▸ Dataset content
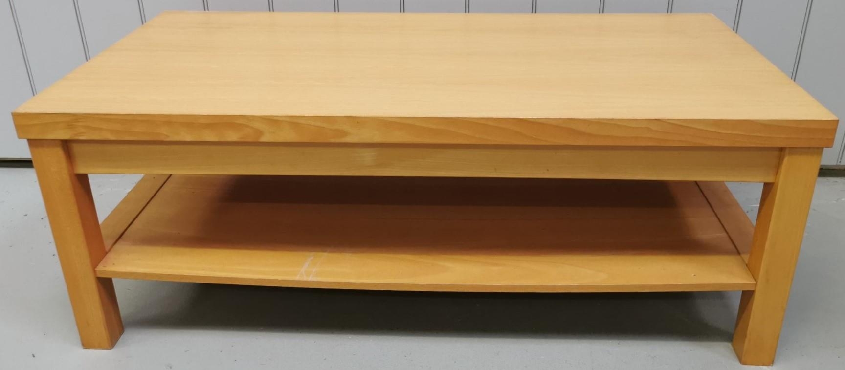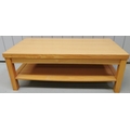 A contemporary, beech veneered coffee table with single underside shelf. Dimensions(cm) H45, W120, D60.
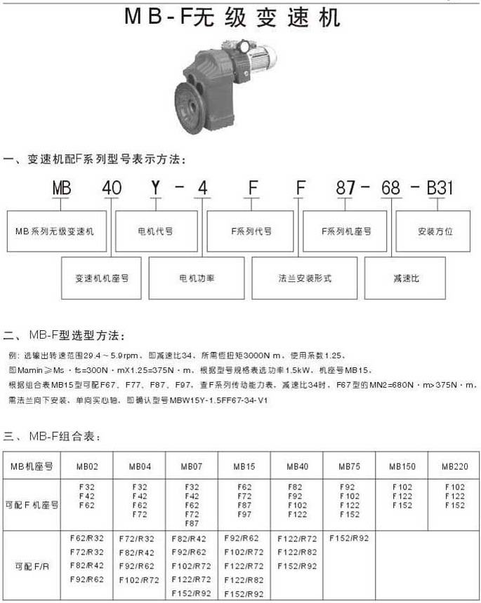 MB-F無級變速機變速機配F系列型號表示法MB-F選型方法MF組合表
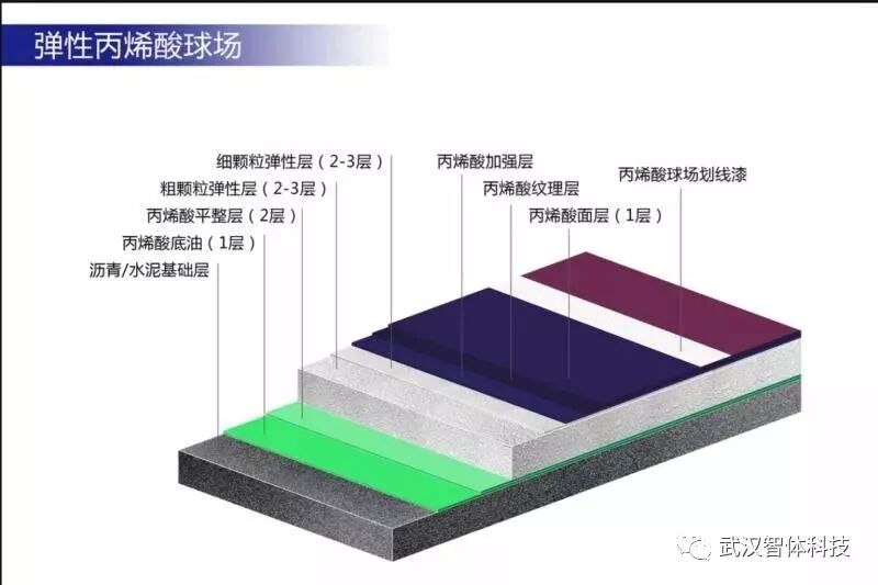 丙烯酸运动场地系列,包括硬地丙烯酸和弹性丙烯酸两个系统。硬地丙烯酸面层(硬地球场面层厚度1.5mm-2mm,可适用于沥青基层或高质量的混凝土基层);弹性丙烯酸面层(弹性球场面层厚度3.0mm-8mm,可适用于沥青基层或高质量的混凝土基层)。
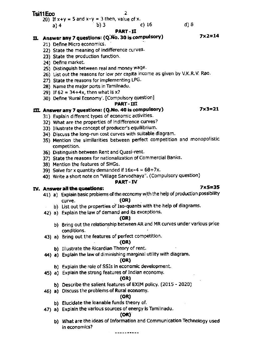 The Economics question paper for Tamil Nadu board standard 11th half yearly examinations is given below.
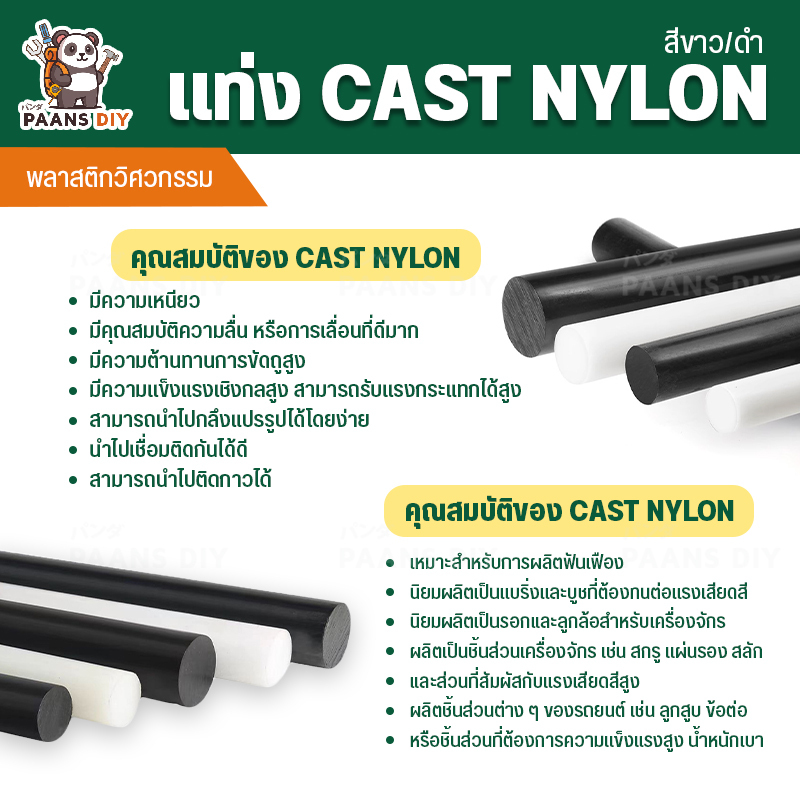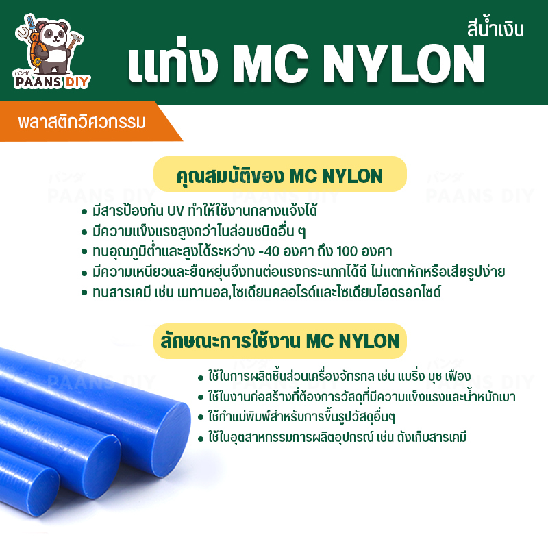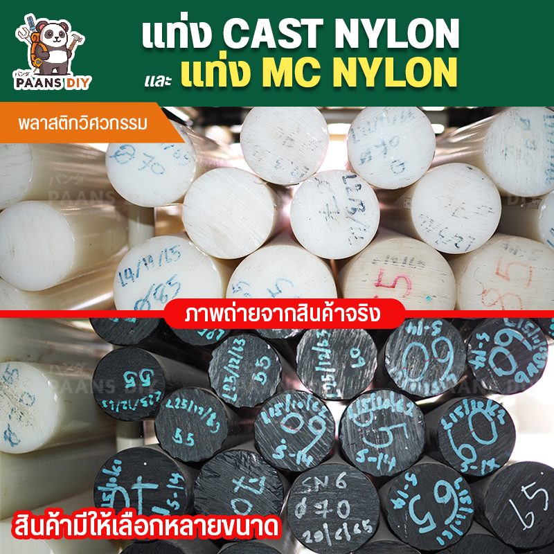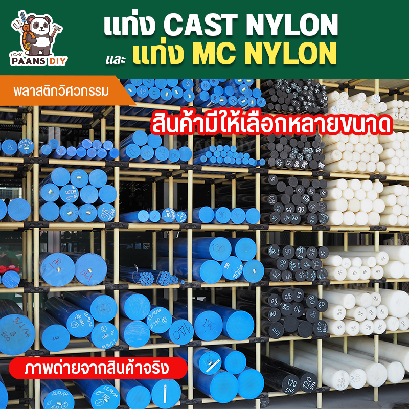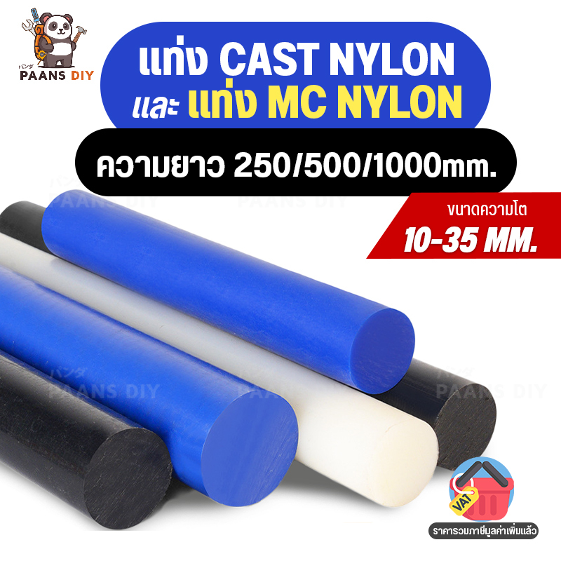 (10-25มิล) แท่งเพลากลม MC Nylon Cast Nylon เอ็มซีไนล่อน คาสไนล่อน พลาสติกวิศวกรรม สีน้ำเงิน/สีขาว/สีดำ
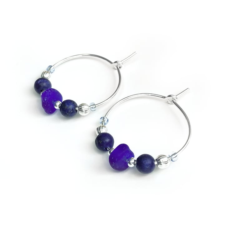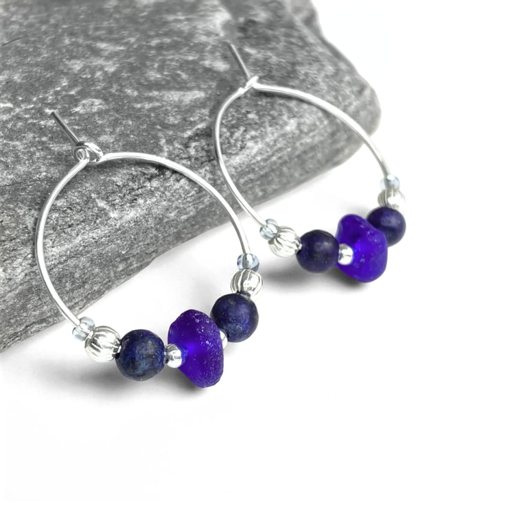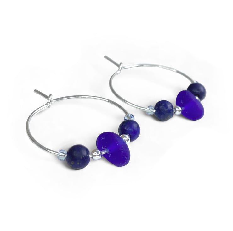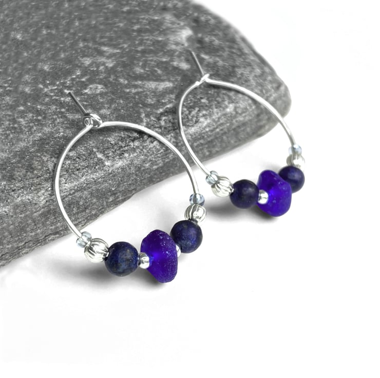 These delicate handmade hoop earrings feature dark blue tumbled glass – smoothed to resemble the frosted finish of sea glass and paired with natural Lapis Lazuli crystals, sterling silver and Czech glass beads.
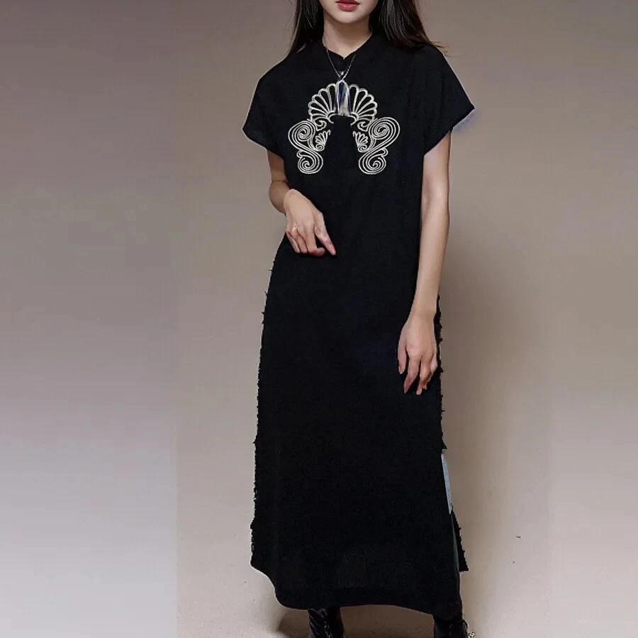 Embroidered Women Clothing Casual Dress Linen Cotton for Ladies STNI1027Y

▸ Exercise brief
Your answer must be the exact lines from the records above, from the one containing "MB-F無級變速機變速機配F系列型號表示法MB-F選型方法MF組合表" through the one containing "(10-25มิล) แท่งเพลากลม MC", both included, with every picture left out.

▸ Answer to this problem
 MB-F無級變速機變速機配F系列型號表示法MB-F選型方法MF組合表
 丙烯酸运动场地系列,包括硬地丙烯酸和弹性丙烯酸两个系统。硬地丙烯酸面层(硬地球场面层厚度1.5mm-2mm,可适用于沥青基层或高质量的混凝土基层);弹性丙烯酸面层(弹性球场面层厚度3.0mm-8mm,可适用于沥青基层或高质量的混凝土基层)。
 The Economics question paper for Tamil Nadu board standard 11th half yearly examinations is given below.
 (10-25มิล) แท่งเพลากลม MC Nylon Cast Nylon เอ็มซีไนล่อน คาสไนล่อน พลาสติกวิศวกรรม สีน้ำเงิน/สีขาว/สีดำ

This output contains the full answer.